● DATA SECTION
=== Begin Enclosure ===
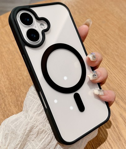 Iphone 16 Plus 6.7 Hybrid Clear Case w/ Magnetic Ring Black Edge(Premium Package)
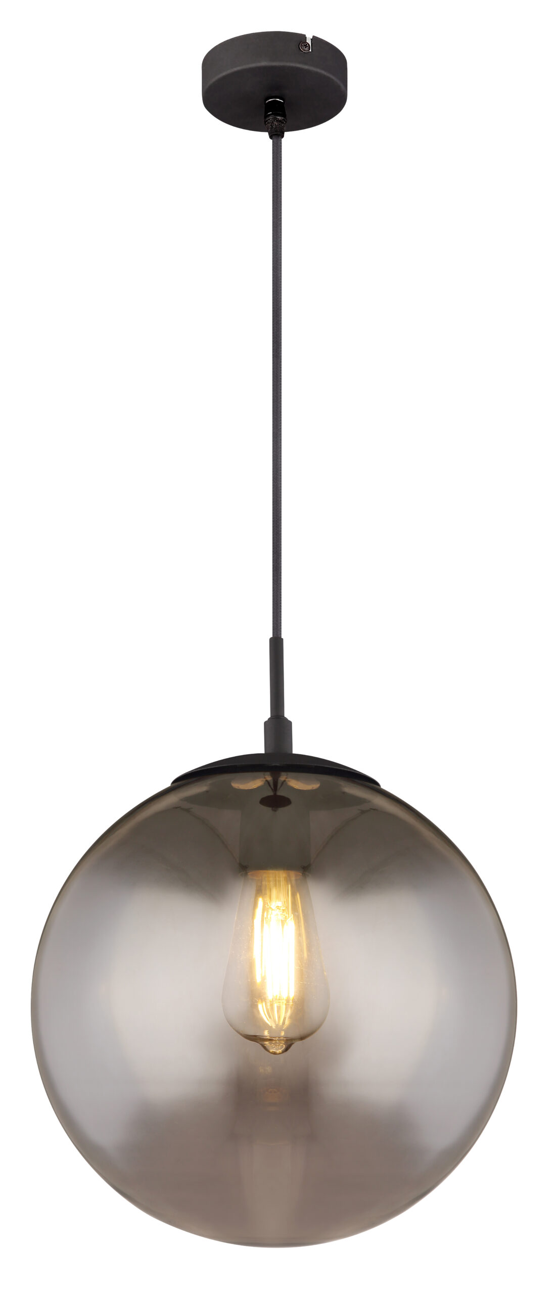 Ova crna ljepotica BLAMA impresionira svojim elegantnim dizajnom. Staklo u boji dima (Ø 30cm) visi 120cm u prostoriji. Zahvaljujući grlu E27, moguć je slobodan izbor sijalice. Ova viseća lampa je idealna za spavaće i dnevne sobe. Ostali modeli ove serije upotpunjuju vaš životni prostor.
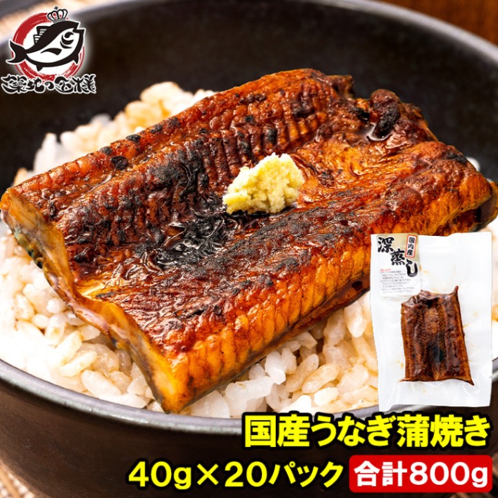 送料無料 うなぎ蒲焼き カットうなぎ 国産うなぎ 40g×20パック 合計800g 食べきりサイズ
=== End Enclosure ===
Quote the preceding listing precisely and completely, omitting its images.

● RESULT OF THE EXERCISE
 Iphone 16 Plus 6.7 Hybrid Clear Case w/ Magnetic Ring Black Edge(Premium Package)
 Ova crna ljepotica BLAMA impresionira svojim elegantnim dizajnom. Staklo u boji dima (Ø 30cm) visi 120cm u prostoriji. Zahvaljujući grlu E27, moguć je slobodan izbor sijalice. Ova viseća lampa je idealna za spavaće i dnevne sobe. Ostali modeli ove serije upotpunjuju vaš životni prostor.
 送料無料 うなぎ蒲焼き カットうなぎ 国産うなぎ 40g×20パック 合計800g 食べきりサイズ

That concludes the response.